▸ What is required
From the listing that follows, reproduce only the lines from the one holding "Яйцо слегка взбиваем" through the one holding "材質:背板:強化ナイロン、座", both included, with no pictures.

======== The records

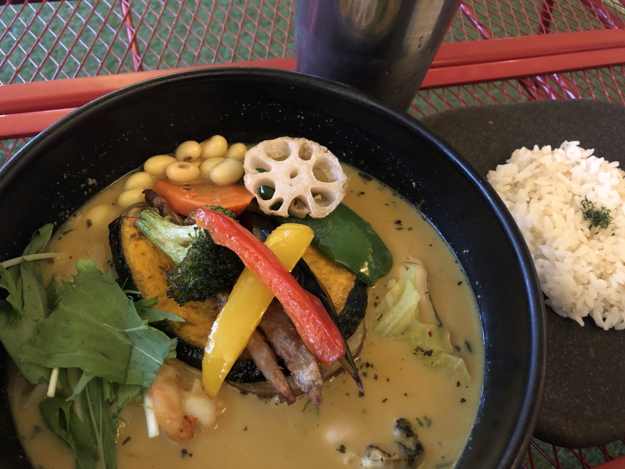 店名からイメージできませんが、スープカレーのお店です。スープ、辛さ、トッピング、ご飯の量などが選べます。(ランチタイム)
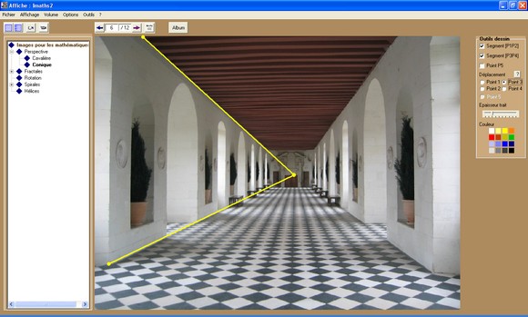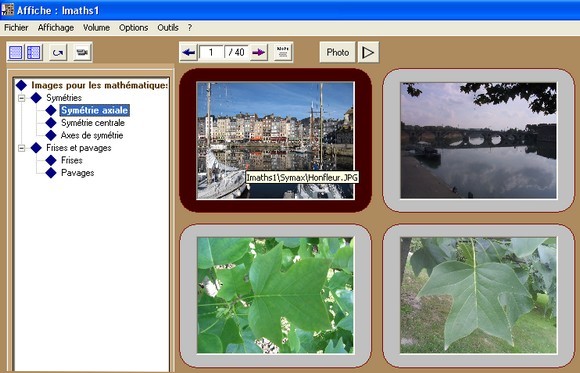 Imaths est un album de photos pour la géométrie surtout en collège (symétrie axiale, centrale, frise, pavages, perspectives ...). L'objectif est de rendre les cours de mathématiques plus vivant, plus dynamique, en stimulant la curiosité des élèves. Le logiciel Imaths est conçu pour un visionnement collectif mais on peut aussi prévoir des activités avec des questionnaires individuels, Imaths étant suffisamment simples d'emploi pour être manié par des élèves (l'item Aide, du menu ?, donne un aperçu des fonctionalités et une prise en main du logiciel).
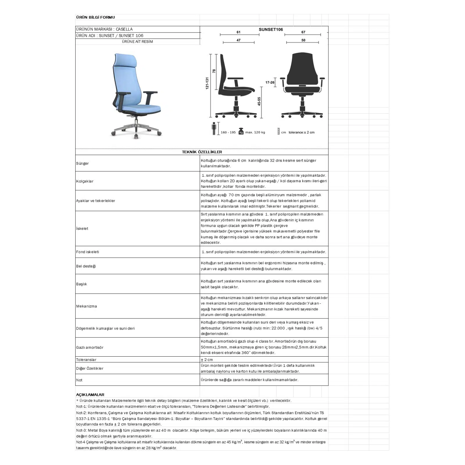 Ayarlanabilir kolçaklar, farklı masa yüksekliklerine ve kullanıcı ihtiyaçlarına göre kişiselleştirilebilir destek sunar. Dayanıklılığı ve modern görünümüyle öne çıkan alüminyum yıldız ayak, ofis ortamlarında hem estetik hem de uzun ömürlü kullanım avantajı sağlar. Sunset-106 modeli; yönetici ofisleri, bireysel çalışma alanları ve kurumsal ofisler için ideal bir çözümdür.
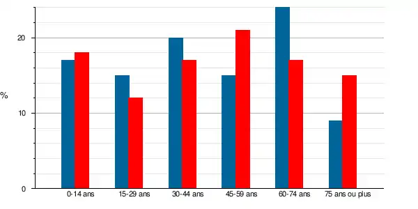 La population s'est rajeunie entre 1999 et 2009, le taux des personnes de 60 ans et plus passant de 33 % à 32 %, alors que parallèlement les populations du département et de la France ont quant à elles vieilli, passant respectivement de 20 à 23 % pour le Département et de 20 à 23 % pour la France métropolitaine.
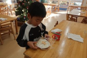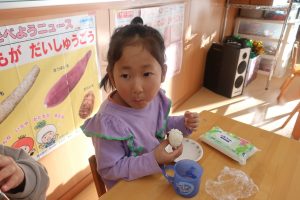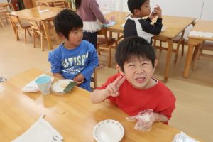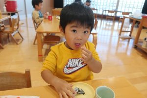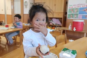 今日のおやつはかぶとさんのリクエストの「おにぎり🍙」でした~!!2歳クラスのお友だちからは自分で握り、海苔を巻きました~✨みんな上手に握れていました👏!!
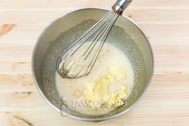 Яйцо слегка взбиваем с сахаром и солью. Добавим мягкое сливочное масло и вновь взбиваем.
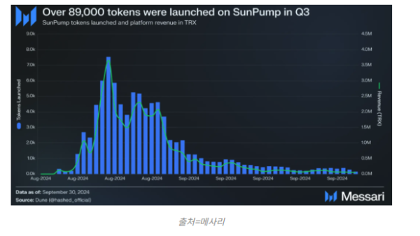 보고서는 “밈코인 런치패드 선펌프(SunPump)에서 지난 8월부터 두 달  약 8만9000개 이상의 토큰이 발행됐다”며 “트론의 탈중앙화금융(DeFi·디파이) 거래가 3분기 487% 증가했다.
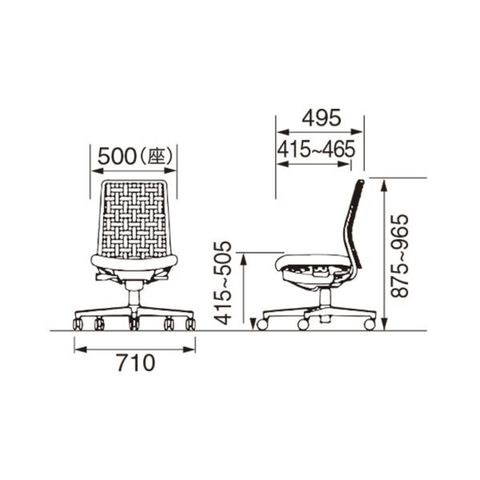 材質:背板:強化ナイロン、座・座板:PP、クッション:モールドウレタン、張地:ポリエステル、脚・足羽根:強化ナイロン、キャスター:ナイロン
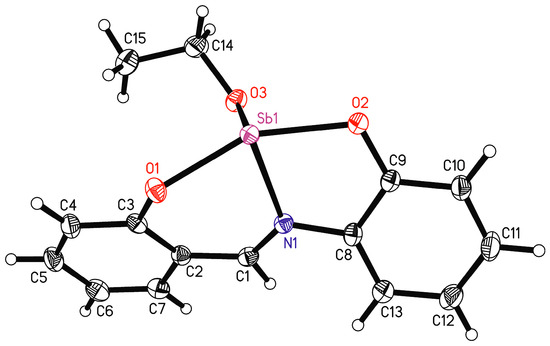 To pronounce Lewis acid and Lewis base properties, the ligand system has a significant influence. Hence, electron-withdrawing ligands increase the Lewis acidity of the antimony center [15]. As a flexible ligand system, Schiff bases can be used. Metal–Schiff-base complexes are quite common, e.g., [18,19,20,21,22,23,24]. These complexes have many different biomedical applications [25,26], as well as the use as catalysts (e.g., [10]), as sensors for copper [27], for use in non-linear optics [28], and for the generation of polynuclear magnetic complexes [29,30,31]. Despite these numerous examples of Schiff-base complexes, Schiff-base complexes of antimony without halide or carbon ligands have rarely been investigated [32].
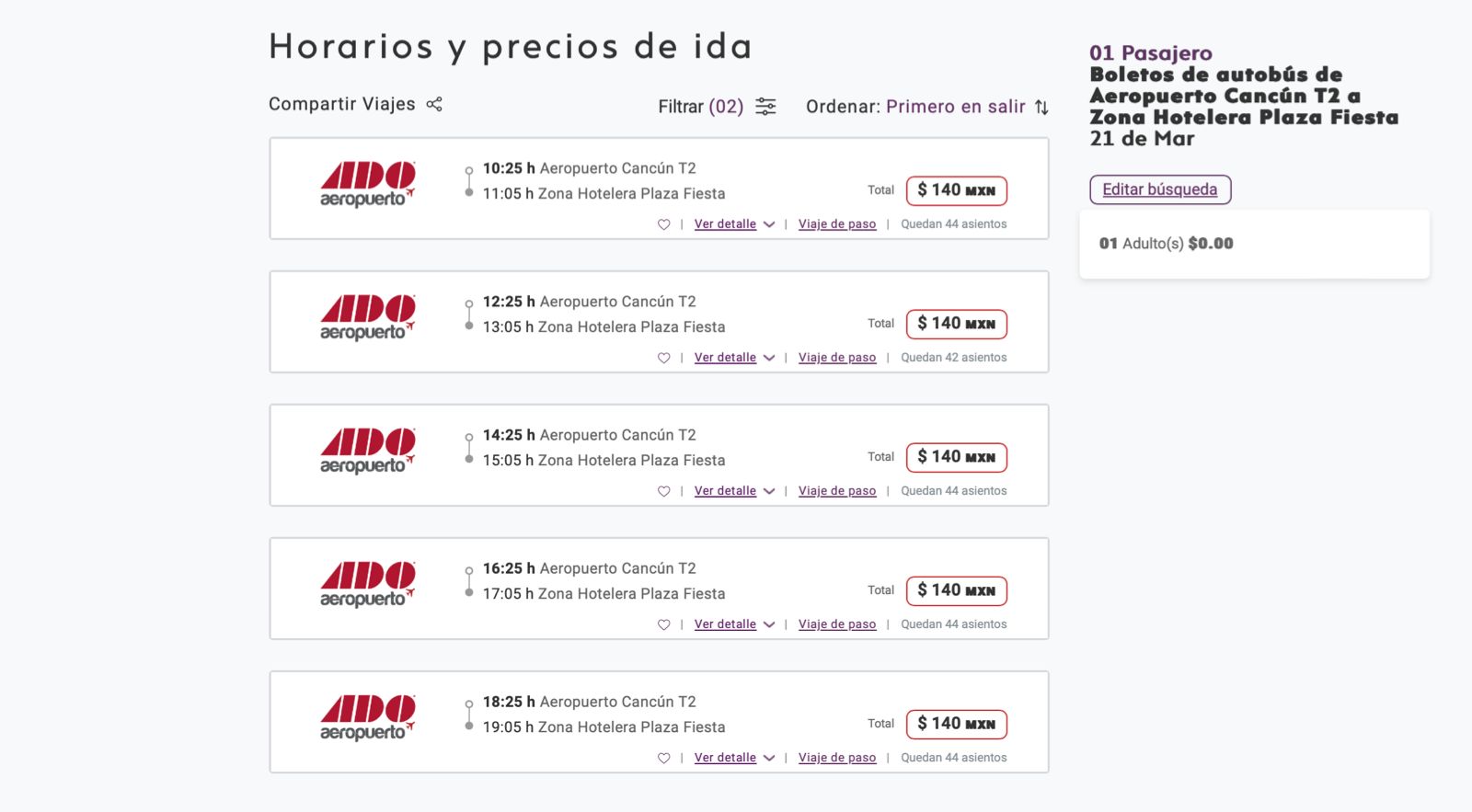 El servicio contará con salidas cada dos horas, de 10:05 a 18:05 horas, partiendo desde la Terminal 2 y haciendo paradas en las terminales 3 y 4 antes de llegar a Plaza La Fiesta, en la Zona Hotelera.

================

▸ Expected answer
 Яйцо слегка взбиваем с сахаром и солью. Добавим мягкое сливочное масло и вновь взбиваем.
 보고서는 “밈코인 런치패드 선펌프(SunPump)에서 지난 8월부터 두 달  약 8만9000개 이상의 토큰이 발행됐다”며 “트론의 탈중앙화금융(DeFi·디파이) 거래가 3분기 487% 증가했다.
 材質:背板:強化ナイロン、座・座板:PP、クッション:モールドウレタン、張地:ポリエステル、脚・足羽根:強化ナイロン、キャスター:ナイロン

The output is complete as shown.